A systematic review by Zaigham and Andersson⁶⁰ including 108 pregnant women reported that CD was the most common mode of delivery, with a rate of 92%. It can be speculated that SARS-CoV-2 infections are more likely to result in maternal hypoxia or increased oxygen requirements, resulting in a nonreassuring fetal heart tracing, warranting expedited delivery. There may also be lack of SARS-CoV-2 screening in some health care settings, resulting in selection bias for CD in severe cases. The indication for CD needs to be further evaluated because current guidelines indicate that SARS-CoV-2 infection alone is not an indication for CD.^{61 , 62}

A recent multicenter cohort study of severe COVID-19 in pregnant patients from 12 US institutions reported that patients were usually admitted to the hospital with severe disease 7 days after the onset of symptoms and typically were intubated 2 days after admission.⁶³ Fifty percent of women required delivery, resulting in a high rate of preterm birth.

Neonatal Outcomes

Neonatal outcomes are shown in Table 1. There was 1 reported stillbirth⁴¹ (<1%) due to severe maternal disease with multiple organ failure and 1 neonatal death³⁸ (<1%) due to refractory shock with multiple organ failure after delivery at 34 5/7 weeks’ gestation. Among the 145 live births, 2 neonates tested positive for SARS-CoV-2 infection. Both did well with supportive therapy and observation and were discharged from the hospital in stable condition.^{48 , 58}

Di Mascio et al³⁷ reported increased perinatal mortality and higher rates of neonatal intensive care unit admissions, but all neonates tested negative for SARS-CoV-2 infection. Chen et al⁴³ confirmed no morphologic changes related to infection in 3 placentas of COVID-19–positive mothers. All 3 neonates also tested negative for SARS-CoV-2. Although these findings are consistent with reports suggesting minimal to no risk of vertical transmission,^{42 , 43 , 64} Penfield et al⁶⁵ reported positive SARS-CoV-2 results in 3 of 11 placental swabs from COVID-19–positive mothers. All 3 of the neonates also tested negative. Whether vertical transmission truly occurred, or whether neonates were swabbed too early (during the incubation period) is unclear.
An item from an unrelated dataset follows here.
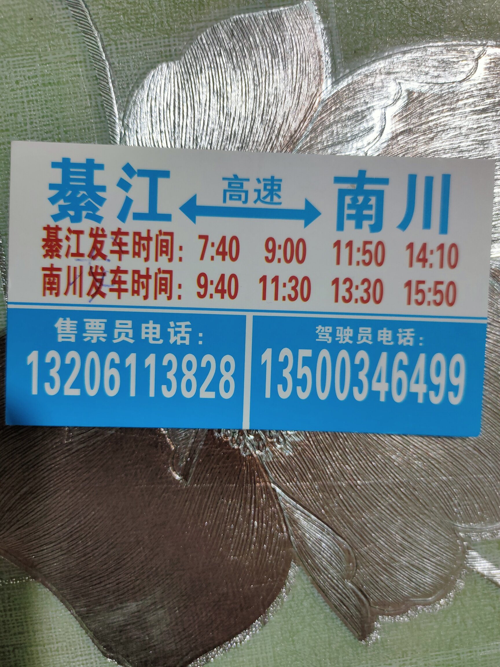 通知綦江发往南川的班车于2021年12月11日迁至通惠新车站发车请广大旅客相互转告各自安排好出行时间咨询电话13251381499

Shah et al⁶⁶ published a well-structured classification system and case definition for SARS-CoV-2 infection in pregnant women, fetuses, and neonates that gives the opportunity to consider the risk of maternal to fetal or neonatal transmission beyond just vertical transmission. The classification includes congenital infection from intrauterine death/stillbirth, congenital infection in live-born infants, neonatal infection acquired intrapartum, or neonatal infection acquired postnatally. In addition, several professional societies have provided guidelines for the management of COVID-19 during pregnancy. The overall summaries from these professional bodies are consistent, with some variation in the strength of recommendations.¹¹⁹

Current Guidelines for COVID-19 Management in Pregnancy

Professional perinatal societies, including the Society for Maternal-Fetal Medicine (SMFM)^{62 , 67} and the American College of Obstetricians and Gynecologists (ACOG)^{68 , 69} from the United States, the Royal College of Obstetricians and Gynaecologists (RCOG)⁶¹ from the United Kingdom, the International Society of Ultrasound in Obstetrics and Gynecology (ISUOG),⁷⁰ the Centers for Disease Control and Prevention (CDC),^{71 , 72} and the World Health Organization (WHO),⁷³ have developed guidelines for the care of pregnant patients. Herein we summarize the most current guidelines, updated as of April 22, 2020. A total of 9 papers were identified from 6 societies: SMFM, ACOG, RCOG, ISUOG, CDC, and WHO.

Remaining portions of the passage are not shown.